Today the Treasury Department’s Office of Foreign Assets Control (“OFAC”) issued new restrictions on remittances and “U-turn” transactions to Cuba, which will come into effect on October 9, 2019.  These restrictions are intended to further implement President Trump’s June 2017 National Security Presidential Memorandum, in which he outlined US policy toward Cuba under his administration and various policy actions to be taken by a number of agencies and departments.

These new restrictions build upon those announced on June 4, 2019, in which the US government prohibited US travelers from going to Cuba under the previous ‘group people-to-people educational’ travel authorization and further restricted travel by no longer permitting visits to Cuba via passenger and recreational vessels, including cruise ships and yachts, and private and corporate aircraft.

In addition to amending the Cuban Assets Control Regulations, OFAC issued 46 updated or new FAQs on Cuba. Although many of the changes were either cosmetic or to provide the relevant regulatory citations, some are worth noting.  In particular, FAQs 1, 40, 44, and 65 provide guidance on today’s amendments.  Additionally, FAQ 12 provides guidance on OFAC’s June 5 amendments related to “people-to-people travel.”

The amendments to OFAC regulations on remittances and U-turn transactions to Cuba represent the reinstatement of certain restrictions that were eased under the Obama administration as we described in our 2016 advisory.

Tightening of Remittance Regulations

The amended regulations narrow the general licenses for remittances in two ways: First, by limiting and placing monetary caps on family-related remittances and second, by removing the authorization for donative remittances and replacing it with an authorization for remittances to certain self-employed individuals.

Regarding family remittances, the regulations have been amended to limit an individual’s total remittance to any one Cuban national to $1,000 in any consecutive three-month period.  They also narrow the category of family members that may receive remittances.  Prior to the amendments, family remittances were not permitted to government officials and other prohibited members of the Cuban Communist Party.  In addition to those prohibitions, family remittances will no longer be permitted to “close relatives” of the aforementioned individuals.  The prohibitions on remittances to these “close relatives” also applies to other types of remittances.  In particular, these individuals are also ineligible to receive certain otherwise authorized remittances from blocked sources.  The regulations define close relatives as any individual related to a person by blood, marriage, or adoption who is no more than three generations removed from that person or from a common ancestor with that person.

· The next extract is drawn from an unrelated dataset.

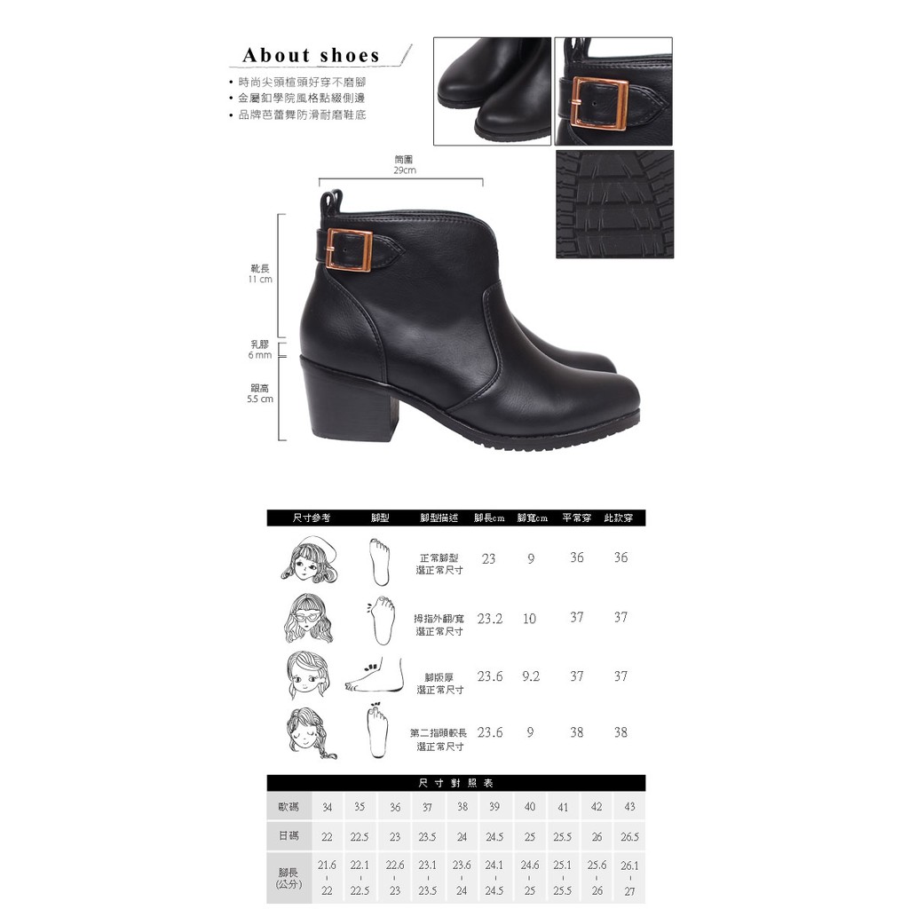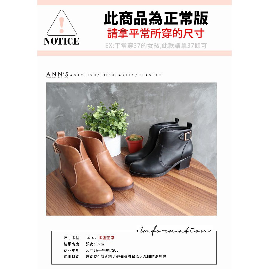 Ann’S美靴嚴選-前V口金屬後釦帶粗跟短靴-黑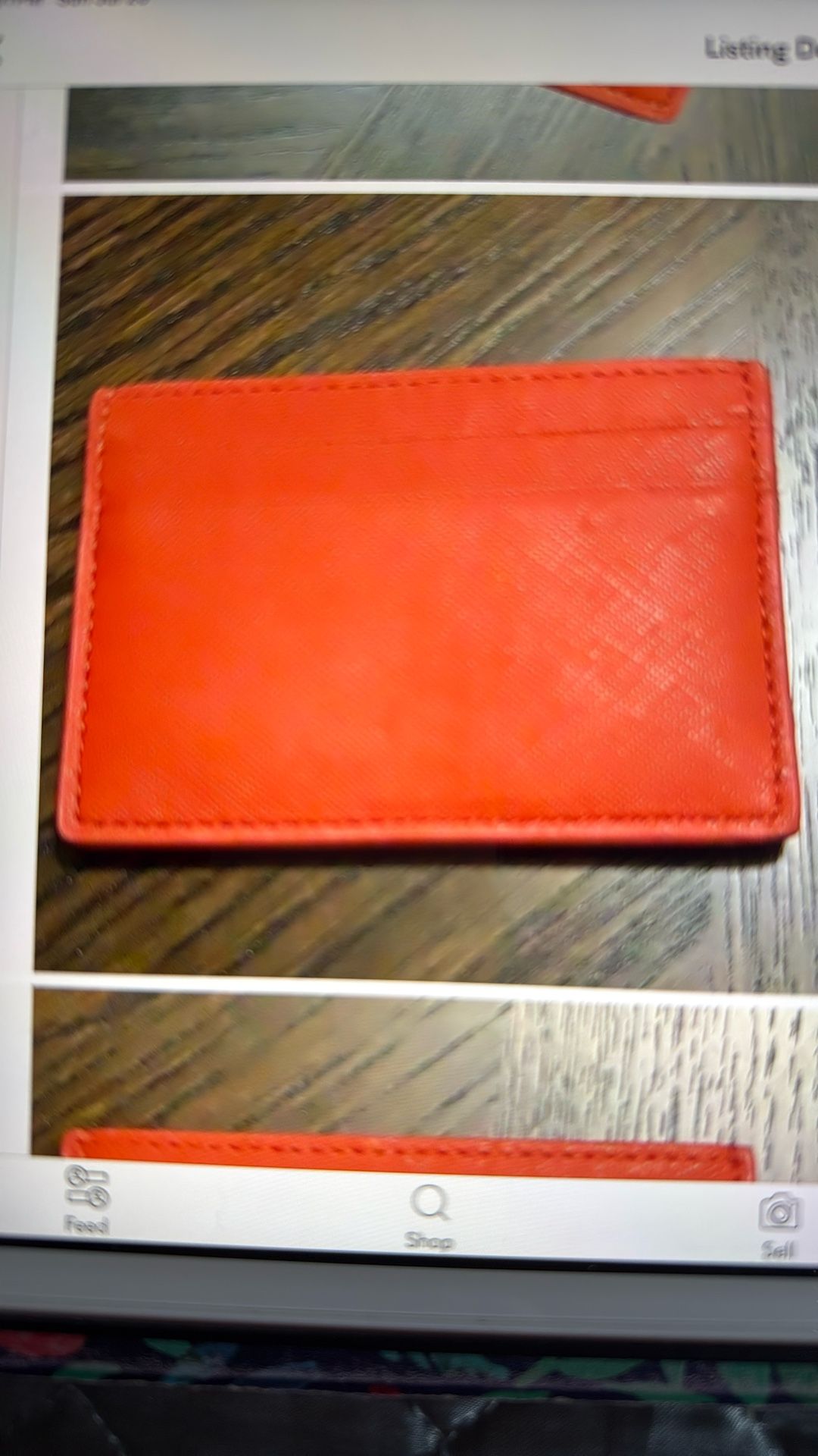 Orange slim card case holder, saffiano leather. Gently used it has a sharpie mark on the front as shown on picture, but still in very well condition.

Regarding donative remittances, prior to these amendments, persons subject to US jurisdiction were authorized to make remittances to any adult Cuban national that was not a prohibited official or member of the communist party and so long as the remittances were not from a blocked source.  Effective October 9, 2019, all such donative remittances are no longer authorized.

In place of authorizing general donative remittances, the amended regulations allow for remittances that encourage the growth of the Cuban private sector independent of government control. In particular, the amended regulations allow for remittances to support the development of “private businesses, and operation of economic activity in the non-state sector by self-employed individuals.” The previous version of the regulations permitted remittances to “private businesses, including small farms.”

Self-employed individuals are now defined to mean a Cuban national who is one or more of the following:

  • An owner or employee of a small private business or a sole proprietorship, including restaurants (paladares), taxis, and bed-and-breakfasts (casas particulares)
  • An independent contractor or consultant
  • A small farmer who owns his or her land; or
  • A small usufruct farmer who cultivates state-owned land to sell products on the open market.

In effect, this change may expand the scope of certain remittances to some self-employed individuals that may have previously been covered under the donative remittances category.  At the same time, it may limit the scope of authorizations to small farms that have some relationship to the Government of Cuba.

“U-Turn” transactions no longer authorized

As discussed in our 2016 advisory, under the Obama Administration OFAC authorized US banks to engage in so-called U-turn transactions, allowing banks to process transfers of funds where the transfer originated and terminated outside the United States and where neither the originator nor the beneficiary were a US citizen.

Effective October 9, 2019, US banks will no longer be able to process such transactions. Rather than removing the authorization in its entirety, OFAC has effected this change by amending the authorization for banks from being authorized “to process” funds transfers to being authorized “to reject” funds transfers.  In authorizing the ability to reject funds transfers, OFAC appears to be signaling that it will not require US banks to freeze these types of transactions.